### TASK DIRECTIONS
Begin at the line containing "This genuine Fulgerite" and copy exactly through the last line of the listing, skipping every picture.

### PROVIDED DATA
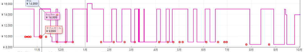 セールの時は8300円くらいなので最高値で買うと5000円くらい損します!定期的に値下げしているみたいなので注意が必要!
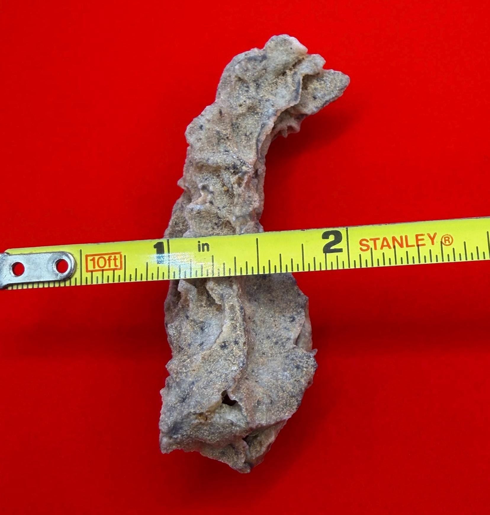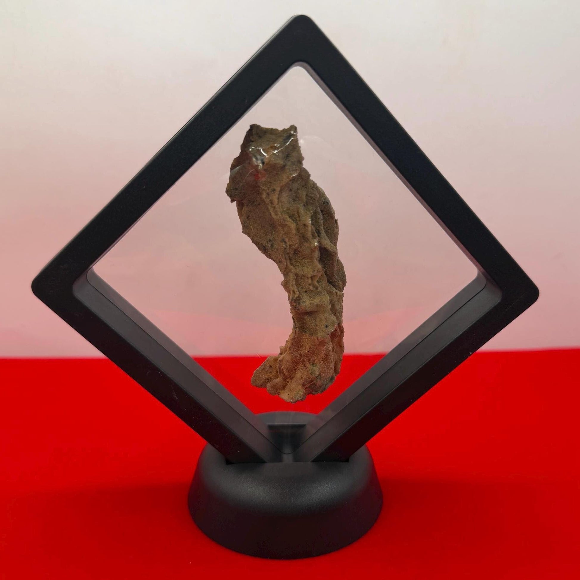 This genuine Fulgerite was formed when lightning struck the sandy dunes of the Sahara Desert, creating a beautiful and unique piece of natural art. This Fulgerite weighs 14.53 grams and is a true testament to the raw power of nature. The length is 2.5” long and 0.75” wide. This fulgerite comes with a display case and a velvet carrying bag.
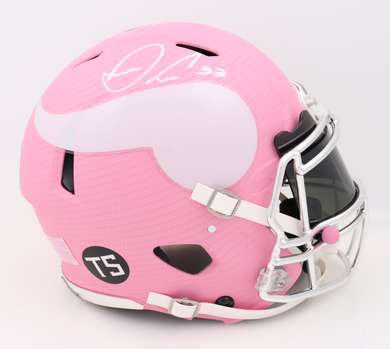 Riddell Minnesota Vikings full-size authentic on-field Carbon Fiber Speed helmet with visor. Hand-signed by Dalvin Cook.

### SOLUTION
 This genuine Fulgerite was formed when lightning struck the sandy dunes of the Sahara Desert, creating a beautiful and unique piece of natural art. This Fulgerite weighs 14.53 grams and is a true testament to the raw power of nature. The length is 2.5” long and 0.75” wide. This fulgerite comes with a display case and a velvet carrying bag.
 Riddell Minnesota Vikings full-size authentic on-field Carbon Fiber Speed helmet with visor. Hand-signed by Dalvin Cook.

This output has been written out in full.